* **What needs to be done**
Without the pictures, write the listing below out again, line for line.
..............................
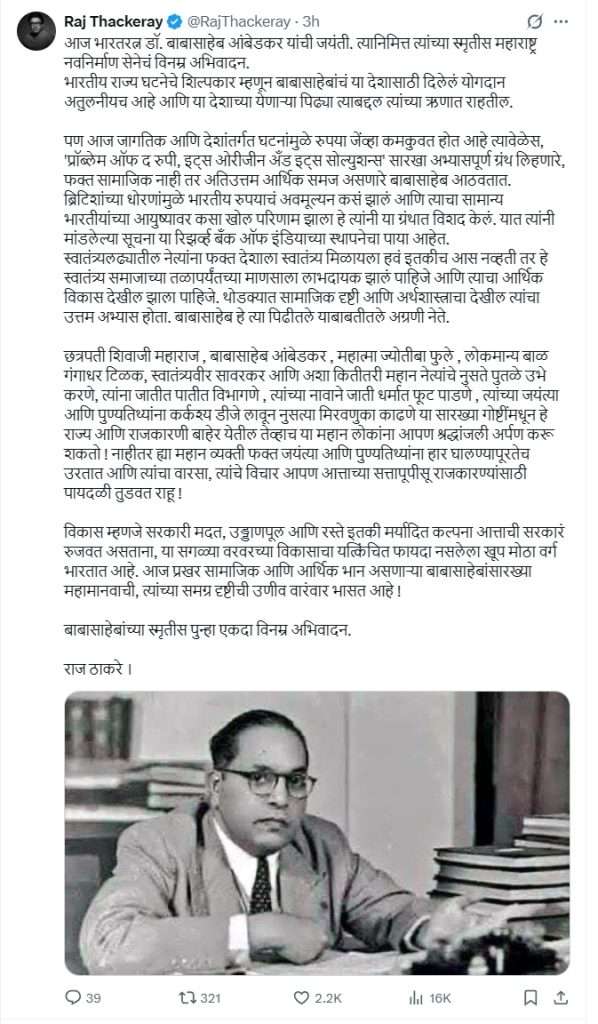 आज राज्यभरात डॉ. बाबासाहेब आंबेडकर यांचा जयंती दिवस उत्साहात साजरा केला जात आहे. यानिमित्ताने मुंबईतील चैत्यभूमीवर आंबेडकरी अनुयायांनी मोठ्याप्रमाणावर गर्दी केली आहे. राज्याचे मुख्यमंत्री देवेंद्र फडणवीस, उपमुख्यमंत्री एकनाथ शिंदे, उपमुख्यमंत्री सुनेत्रा पवार यांनी मंगळवारी सकाळी चैत्यभूमीवर जाऊन बाबासाहेब आंबेडकर यांना अभिवादन केले. तर दुसरीकडे मनसेप्रमुख राज ठाकरे यांनी सोशल मीडियावर आंबेडकर जयंतीनिमित्त एक खास पोस्ट शेअर केली आहे. या पोस्टमध्ये राज ठाकरे यांनी डॉ. बाबासाहेब आंबेडकर यांच्या कार्याविषयी आदर व्यक्त करताना तरुण पिढीला काही सल्ला देण्याचा प्रयत्न केला आहे. महापुरुषांच्या जयंत्या आणि पुण्यतिथ्या साजऱ्या करताना केवळ मिरवणुका काढण्यापेक्षा त्यापेक्षा पुढे जाऊन त्यांच्या वारशाचा आणि विचारांचा विचार केला पाहिजे, असे मत व्यक्त केले आहे.
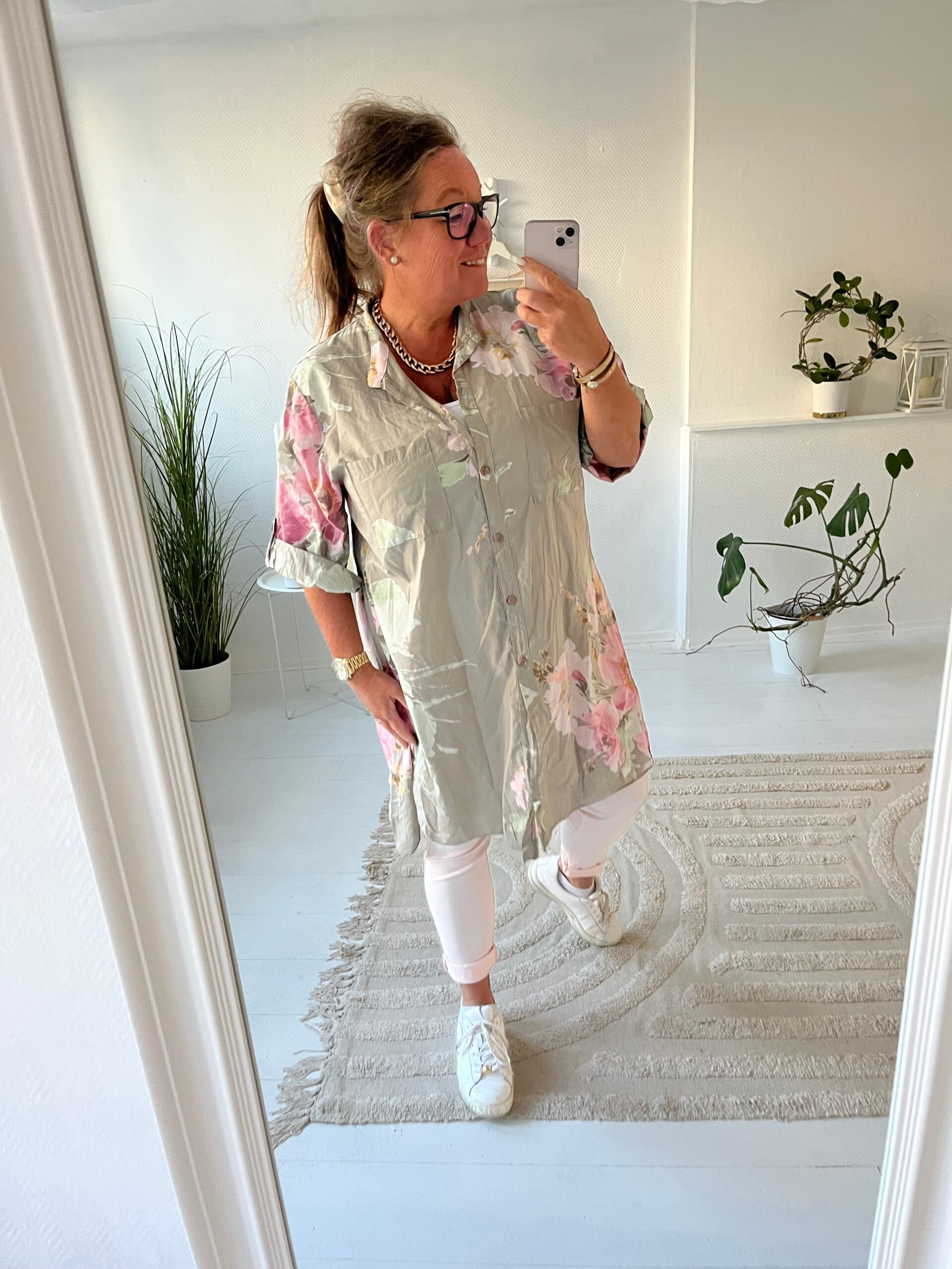 Blommig långskjorta taupe
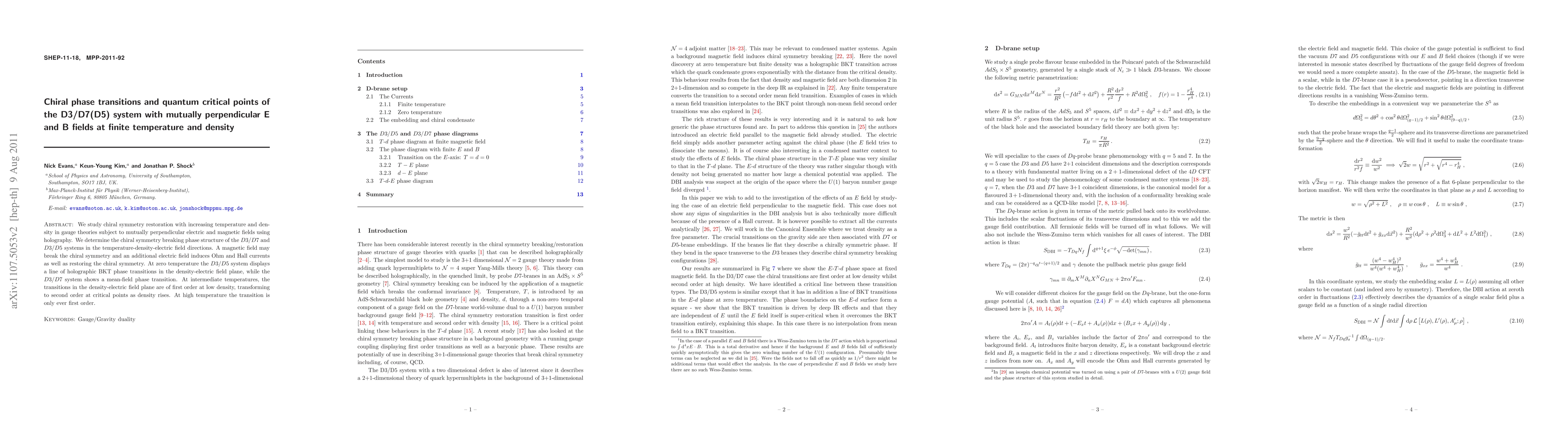 This paper investigates chiral symmetry restoration in gauge theories under perpendicular electric and magnetic fields using holography, revealing phase transitions in D3/D7 and D3/D5 systems at finite temperature and density. The D3/D5 system exhibits holographic BKT phase transitions at zero temperature, while the D3/D7 system shows mean-field transitions, with transitions evolving from first to second order as density increases.
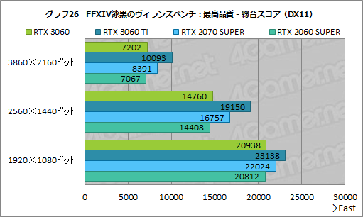 続いてグラフ26は「ファイナルファンタジーXIV: 漆黒のヴィランズ ベンチマーク」(以下,FFXIV漆黒のヴィランズ ベンチ)の総合スコアをまとめたものだ。
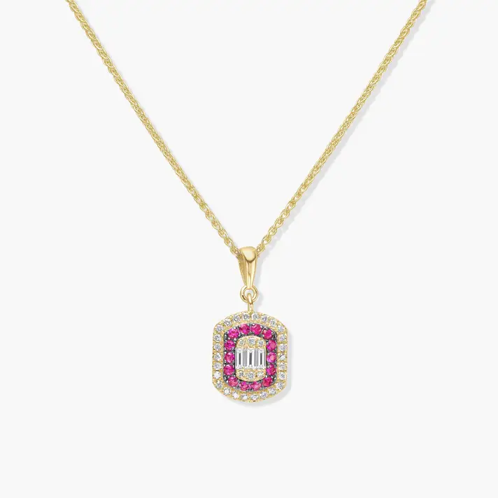 תליון מיה עשוי זהב 14K ומשובץ 14 אבני רובי ו35 יהלומים טבעיים ונוצצים מתוכם 3 בחיתוך באגט היוקרתי. מידות התליון 1*2 ס"מ כולל לולאה.
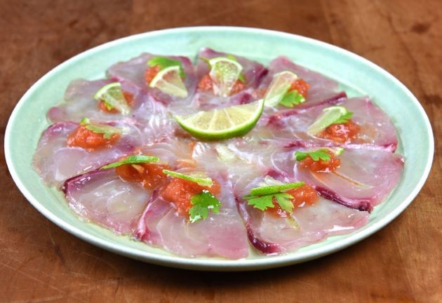 オオグチイシチビキのカルパッチョ ハチビキと比べると赤みが弱く、やや水分が多い。うま味も強いとは思えないので、ここではカルパッチョにした。三枚に下ろして皮を引く。できるだけ薄く切りつけて置く。皿にニンニクをなすりつけ、オリーブオイルをたらす。振り塩をして切りつけた身を並べて行く。上に好みの野菜、塩をしてオリーブオイルをたらす。コショウや辛い唐辛子、白チャーズソースなどを使ってもいい。
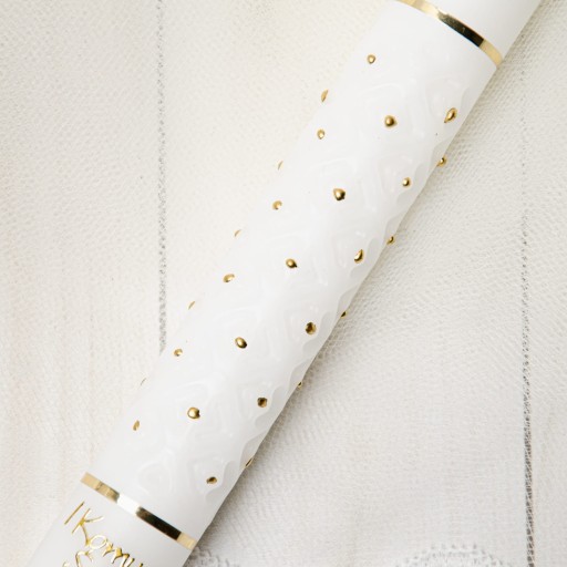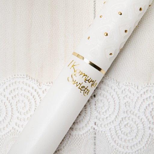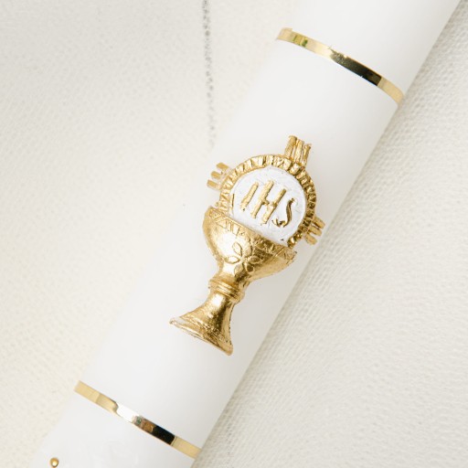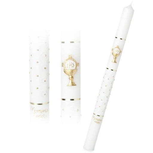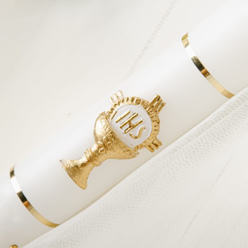 Piękna świeca komunijna ręcznie ozdabiana z motywem kielicha i Hostii. Uroku dodaje jej element dekoracyjny w postaci tłocznia. Gromnica utrzymana w biało-złotej tonacji. Uniwersalna kolorystyka sprawia, że świeca będzie stanowić doskonałą Pamiątką I Komunii Świętej zarówno dla chłopca, jak i dla dziewczynki.
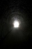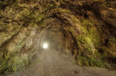 Światło na końcu tunelu w Myra Canyon w Kelowna, Kolumbia Brytyjska, Kanada. Koncepcja podboju przeciwności lub sukcesu przez przeszkody.
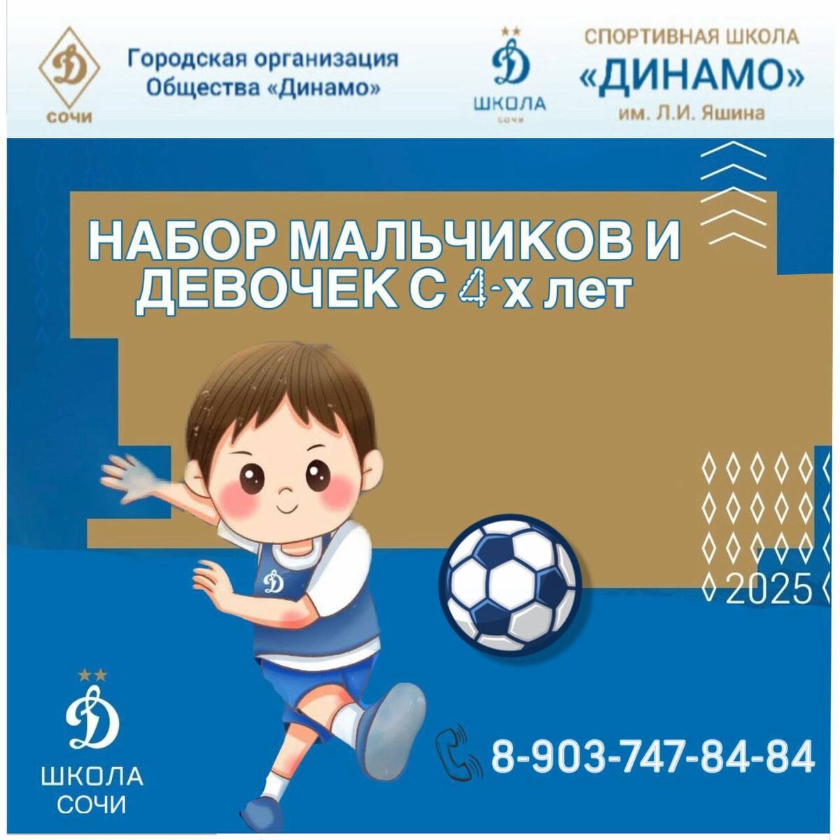 Сочинская городская организация Общества Динамо, спортивная школа Динамо им.Л.И.Яшина объявляют набор мальчиков и девочек с 4-х лет для занятий футболом. ✅ Официальная футбольная школа ФК «Динамо Москва» и Общества «Динамо»; ✅ Профессиональный лицензированный тренерский штат, московские специалисты; ✅ Возможность карьерного роста в академию «Динамо Москва им.Л.И.Яшина»; ✅ Группы по возрастам, игровая практика со сверстниками академии; ✅ Участие в крупных федеральных и международных турнирах. 📞Телефон для записи на просмотр: 8(903)7478484 Больше информации в наших социальных сетях: ТГ: t.me/DynamoSochi ВК: vk.com/fcdm.school.sochi
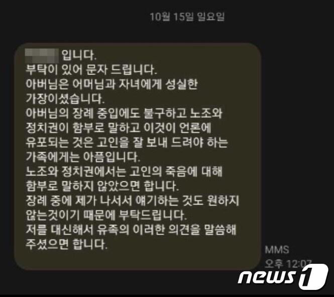 고인 유가족이 고인과 위탁계약을 체결한 A물산 대표에게 보낸 당부 문자 메시지.(A물산제공)장도민 기자 원텍, 작년 경영 성과 보상으로 전 직원에 연봉 20% 성과급 지급패치·임플란트·입에 넣는 필름까지…'먹는 위고비' 다음은 제형 전쟁
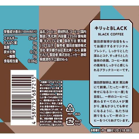 ◆[冷蔵] 猿田珈琲 キリッとBLACK ブラックコーヒー 無糖 235ml×12本 メーカー直送 クール便 ▼返品・キャンセル不可【他商品との同時購入不可】
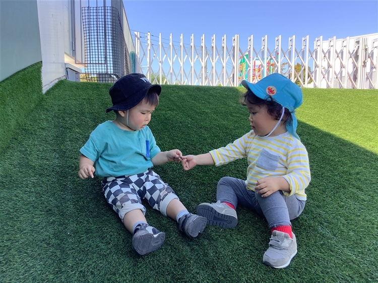 元気に走り回って楽しんでいたお友だちとマイペースでのんびりスロープに座っていたお友だち。座り込んでいるお友だちの様子に気づいて、そっとそばに行き、落ちていた石を拾い「はい、どうぞ」と渡して、しばらく一緒に過ごしていました。
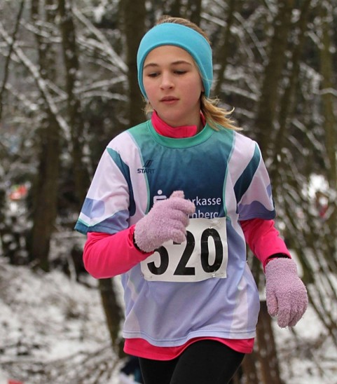 Auch dass der Wintereinbruch die Strecke in eine Matschpiste verwandelt hatte, hat Antonia Sörgel (Bild) nicht stoppen können. Leichtfüßig eilte die Kainsbacherin im Trikot des LAV Hersbruck zur Mittelfränkischen Meisterschaft im Crosslauf der Altersklasse W12. Antonia begann die etwa zwei Kilometer lange Distanz beim Sportgelände des ASV Forth relativ verhalten. Auf dem kräftezehrenden Untergrund arbeitete sie sich dann nach vorne. Im Ziel nach 8.43 Minuten lag das LAV-Mädchen zehn Sekunden vor der Zweiten und 30 Sekunden vor der Dritten. Im Feld der 14 Starterinnen zeigte der Nachwuchs des LAV Hersbruck auch eine gute Teamleistung: Verena Sörgel und Theresa Hartmann landeten auf den Rängen fünf und neun. In der W13 überquerte Annkatrin Krug als Sechste die Ziellinie. Fast hätte es für Antonia Sörgel einen Doppelerfolg gegeben. Zusammen mit Annkatrin und Verena holte sie in der Teamwertung hinter dem LAC Quelle Fürth die Silbermedaille. Frederic Willinsky (LAV) schrammte nur knapp am Titel der M13 vorbei. Er musste sich am Ende nur einem Dinkelsbühler geschlagen geben und wurde ebenfalls Zweiter. Theresa Sörgel und Kristin Krug vertraten im Rahmenwettbewerb der W10 die Farben des LAV Hersbruck ausgezeichnet. Nach 1200 Metern kam das schnelle Duo unter 20 Teilnehmerinnen auf die Ränge zwei und drei. Foto: J. Ruppert
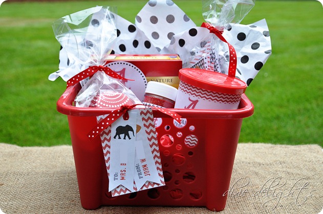 I put Honey’s extensive sports knowledge to the test by quizzing him on Alabama’s colors, mascot and logo and then pulled together everything Mrs. B will need to bake cupcakes for her team this football season. I lucked out with some serious sales and the grand total for the gift rang up to under eight dollars. The sprinkles and cupcake liners are from Michael’s and the basket is from Dollar Tree.
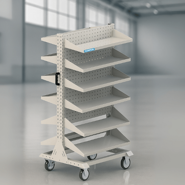 | thông tin sản phẩm | Tầng để khay có thể nghiêng 12° Xe đẩy gồm 12 tầng chứa khay linh kiện |
..............................
* **Exercise result**
 आज राज्यभरात डॉ. बाबासाहेब आंबेडकर यांचा जयंती दिवस उत्साहात साजरा केला जात आहे. यानिमित्ताने मुंबईतील चैत्यभूमीवर आंबेडकरी अनुयायांनी मोठ्याप्रमाणावर गर्दी केली आहे. राज्याचे मुख्यमंत्री देवेंद्र फडणवीस, उपमुख्यमंत्री एकनाथ शिंदे, उपमुख्यमंत्री सुनेत्रा पवार यांनी मंगळवारी सकाळी चैत्यभूमीवर जाऊन बाबासाहेब आंबेडकर यांना अभिवादन केले. तर दुसरीकडे मनसेप्रमुख राज ठाकरे यांनी सोशल मीडियावर आंबेडकर जयंतीनिमित्त एक खास पोस्ट शेअर केली आहे. या पोस्टमध्ये राज ठाकरे यांनी डॉ. बाबासाहेब आंबेडकर यांच्या कार्याविषयी आदर व्यक्त करताना तरुण पिढीला काही सल्ला देण्याचा प्रयत्न केला आहे. महापुरुषांच्या जयंत्या आणि पुण्यतिथ्या साजऱ्या करताना केवळ मिरवणुका काढण्यापेक्षा त्यापेक्षा पुढे जाऊन त्यांच्या वारशाचा आणि विचारांचा विचार केला पाहिजे, असे मत व्यक्त केले आहे.
 Blommig långskjorta taupe
 This paper investigates chiral symmetry restoration in gauge theories under perpendicular electric and magnetic fields using holography, revealing phase transitions in D3/D7 and D3/D5 systems at finite temperature and density. The D3/D5 system exhibits holographic BKT phase transitions at zero temperature, while the D3/D7 system shows mean-field transitions, with transitions evolving from first to second order as density increases.
 続いてグラフ26は「ファイナルファンタジーXIV: 漆黒のヴィランズ ベンチマーク」(以下,FFXIV漆黒のヴィランズ ベンチ)の総合スコアをまとめたものだ。
 תליון מיה עשוי זהב 14K ומשובץ 14 אבני רובי ו35 יהלומים טבעיים ונוצצים מתוכם 3 בחיתוך באגט היוקרתי. מידות התליון 1*2 ס"מ כולל לולאה.
 オオグチイシチビキのカルパッチョ ハチビキと比べると赤みが弱く、やや水分が多い。うま味も強いとは思えないので、ここではカルパッチョにした。三枚に下ろして皮を引く。できるだけ薄く切りつけて置く。皿にニンニクをなすりつけ、オリーブオイルをたらす。振り塩をして切りつけた身を並べて行く。上に好みの野菜、塩をしてオリーブオイルをたらす。コショウや辛い唐辛子、白チャーズソースなどを使ってもいい。
 Piękna świeca komunijna ręcznie ozdabiana z motywem kielicha i Hostii. Uroku dodaje jej element dekoracyjny w postaci tłocznia. Gromnica utrzymana w biało-złotej tonacji. Uniwersalna kolorystyka sprawia, że świeca będzie stanowić doskonałą Pamiątką I Komunii Świętej zarówno dla chłopca, jak i dla dziewczynki.
 Światło na końcu tunelu w Myra Canyon w Kelowna, Kolumbia Brytyjska, Kanada. Koncepcja podboju przeciwności lub sukcesu przez przeszkody.
 Сочинская городская организация Общества Динамо, спортивная школа Динамо им.Л.И.Яшина объявляют набор мальчиков и девочек с 4-х лет для занятий футболом. ✅ Официальная футбольная школа ФК «Динамо Москва» и Общества «Динамо»; ✅ Профессиональный лицензированный тренерский штат, московские специалисты; ✅ Возможность карьерного роста в академию «Динамо Москва им.Л.И.Яшина»; ✅ Группы по возрастам, игровая практика со сверстниками академии; ✅ Участие в крупных федеральных и международных турнирах. 📞Телефон для записи на просмотр: 8(903)7478484 Больше информации в наших социальных сетях: ТГ: t.me/DynamoSochi ВК: vk.com/fcdm.school.sochi
 고인 유가족이 고인과 위탁계약을 체결한 A물산 대표에게 보낸 당부 문자 메시지.(A물산제공)장도민 기자 원텍, 작년 경영 성과 보상으로 전 직원에 연봉 20% 성과급 지급패치·임플란트·입에 넣는 필름까지…'먹는 위고비' 다음은 제형 전쟁
 ◆[冷蔵] 猿田珈琲 キリッとBLACK ブラックコーヒー 無糖 235ml×12本 メーカー直送 クール便 ▼返品・キャンセル不可【他商品との同時購入不可】
 元気に走り回って楽しんでいたお友だちとマイペースでのんびりスロープに座っていたお友だち。座り込んでいるお友だちの様子に気づいて、そっとそばに行き、落ちていた石を拾い「はい、どうぞ」と渡して、しばらく一緒に過ごしていました。
 Auch dass der Wintereinbruch die Strecke in eine Matschpiste verwandelt hatte, hat Antonia Sörgel (Bild) nicht stoppen können. Leichtfüßig eilte die Kainsbacherin im Trikot des LAV Hersbruck zur Mittelfränkischen Meisterschaft im Crosslauf der Altersklasse W12. Antonia begann die etwa zwei Kilometer lange Distanz beim Sportgelände des ASV Forth relativ verhalten. Auf dem kräftezehrenden Untergrund arbeitete sie sich dann nach vorne. Im Ziel nach 8.43 Minuten lag das LAV-Mädchen zehn Sekunden vor der Zweiten und 30 Sekunden vor der Dritten. Im Feld der 14 Starterinnen zeigte der Nachwuchs des LAV Hersbruck auch eine gute Teamleistung: Verena Sörgel und Theresa Hartmann landeten auf den Rängen fünf und neun. In der W13 überquerte Annkatrin Krug als Sechste die Ziellinie. Fast hätte es für Antonia Sörgel einen Doppelerfolg gegeben. Zusammen mit Annkatrin und Verena holte sie in der Teamwertung hinter dem LAC Quelle Fürth die Silbermedaille. Frederic Willinsky (LAV) schrammte nur knapp am Titel der M13 vorbei. Er musste sich am Ende nur einem Dinkelsbühler geschlagen geben und wurde ebenfalls Zweiter. Theresa Sörgel und Kristin Krug vertraten im Rahmenwettbewerb der W10 die Farben des LAV Hersbruck ausgezeichnet. Nach 1200 Metern kam das schnelle Duo unter 20 Teilnehmerinnen auf die Ränge zwei und drei. Foto: J. Ruppert
 I put Honey’s extensive sports knowledge to the test by quizzing him on Alabama’s colors, mascot and logo and then pulled together everything Mrs. B will need to bake cupcakes for her team this football season. I lucked out with some serious sales and the grand total for the gift rang up to under eight dollars. The sprinkles and cupcake liners are from Michael’s and the basket is from Dollar Tree.
 | thông tin sản phẩm | Tầng để khay có thể nghiêng 12° Xe đẩy gồm 12 tầng chứa khay linh kiện |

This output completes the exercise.